I built a Jarvis for myself. Here's what it actually does.
I wanted a system that actually builds a deep, evolving understanding of me over time - across every app and agent I use.
If i have to define AGI in one word, what comes to my mind is Tony Stark's Jarvis. Not the "set a timer" kind of assistant, Jarvis was literally 'Just A Rather Very Intelligent System'. It understood Tony. It had context. It knew what happened yesterday and why it mattered today.
Openclaw gave us the first glimpse of what that could look like, doing complex tasks just by talking to an agent on whatsapp. That was exciting.
But it wasn't cutting it as my jarvis. The reason: it didn't really know me. Openclaw has memory.md, soul.md and a bunch of other files. But those are flat text files that get appended or overwritten. No understanding of when i said something, why i changed my mind, or how facts connect. If i switched from one approach to another last month, it can't tell you why that context is gone.
I also wanted the system to be omnipresent. Not restricted to one channel. I should be able to connect it with any app, any agent, and it shares understanding about me across all of them.
What my mornings look like now
Every day at 9am, my system wakes up on its own. No prompt from me.
It reads yesterday's emails, checks today's calendar for meetings needing prep, pulls recent github activity, and sends me a clean summary on whatsapp before i've opened my laptop.

Setting this up is super simple
connect your apps on the dashboard -> add "morning brief" skill from library -> create a reminder, pick whatsapp as channel.
Done. Even for a non-technical user.
Spinning up claude code from whatsapp
Here's something i did just yesterday. I needed to build a new posthog integration. Instead of sitting at my desk, i messaged my system on whatsapp: "start a claude code session, work on the posthog integration, here's the github issue for context."
It spun up claude code on my machine remotely, created a new branch, pulled repo context, scanned existing integration patterns, and built the whole thing. I checked in later commit was ready, files were all there.

This works through the Gateway - a local service on your machine that connects to core's agent. Coding agents, browser automation, shell commands all are accessible remotely.
Combine this with scheduling and it gets interesting. I've set up a job: every Monday at 2pm, i've asked core to look at the last week commits and create the product changelog and add it in in the docs.
The memory is what makes this personal
Most ai memory systems work like a notebook, it append facts, overwrite old ones, no sense of time or relationships.
We built a temporal knowledge graph instead. Every conversation, decision, and preference from every app and agent flows into one graph. Entities get extracted and connected. Contradictions are preserved with timestamps, not overwritten. Search uses keyword matching, semantic search, and graph traversal simultaneously.

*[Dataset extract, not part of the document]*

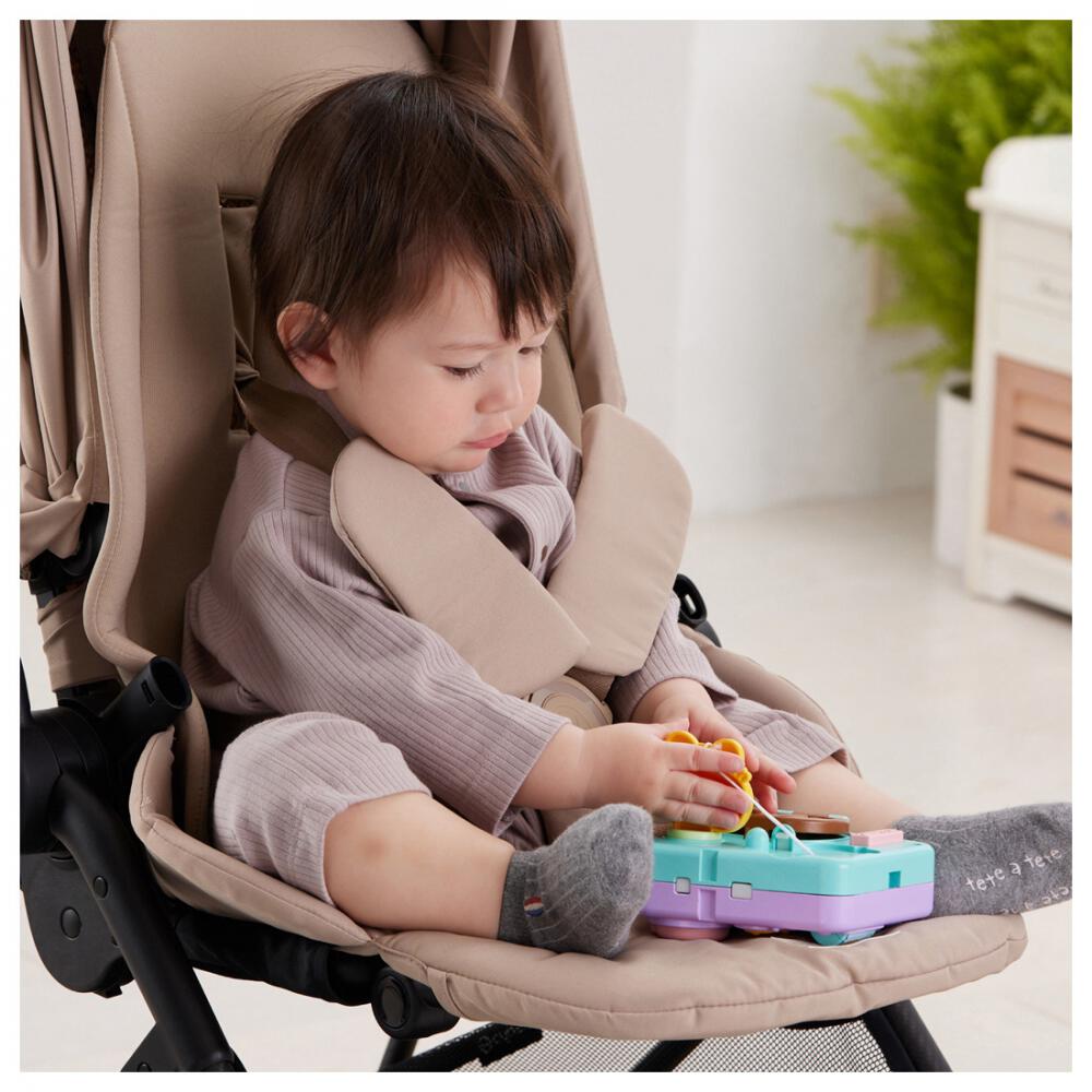 3WAY おでかけ遊び(6ヶ月頃~):取り外し可能な知育ボードや小物をいつでも持ち歩けます。

What that means practically: my coding agent knows what i discussed in chatgpt/gemini. My email assistant knows bugs i fixed in claude code. One memory, shared everywhere.
Connection is simple, for coding agents you add one MCP url. For chatgpt/gemini there's a browser extension. Everything flows into the same graph.
We benchmarked this on the LoCoMo dataset - 88.24% accuracy across all reasoning tasks, outperforming mem0, memobase, and zep.
Other things i run on it
- Creating Issues in Github directly from slack

- Make claude code remember about our past discussions so i don't have to repeat myself

3. Create my calendar invites

And much more..
What's under the hood
CORE system is primarily made of three layers:
Agent: The Orchestrator
When you send a message from any channel, the agent figures out what to do. It searches memory for relevant context, picks the right integration tools, follows skill instructions, and decides whether to handle the task itself or spin up a specialized agent like Claude Code. It's channel-agnostic - whatsapp, slack, email, web dashboard all hit the same brain with the same memory
Memory: Temporal Knowledge Graph
This is the core differentiator, no pun intended. It's not a vector db or a flat file. A temporal knowledge graph where every fact is categorized (preference, decision, directive, goal, relationship) and connected to other facts over time. When you search, it doesn't just match keywords, it understands what you're looking for, traverses relationships between concepts, and pulls context you didn't explicitly ask for but need. This is why the system gets more useful the longer you use it.
Integrations
30+ apps connected via MCP tools (GitHub, Linear, Slack, Gmail, Calendar, Todoist, etc). But the real power is webhooks: the agent doesn't wait for you. A new email arrives, a sentry alert fires, a PR gets merged, it wakes up (if you want it to) and evaluates what happened against what it knows about you and decides whether to act, notify, or stay quiet.
Everything is configurable from the dashboard. Don't want it sending emails? Disable that tool. Don't want it reading personal gmail? Turn off the connector.

It's fully open-source
We offer two ways to use it:
Hosted: sign up at app.getcore.me, connect your first agent in under 5 minutes. No infra to manage.
Self-hosted: clone the repo, docker-compose up, done in ~15 minutes. Needs 4gb ram. You can also deploy it on Railway.
The open-source path exists for a reason. If i'm asking you to give an AI system access to your emails, calendar, and code you should be able to see exactly what it does with that data. No black boxes. No trust-me. Read the code.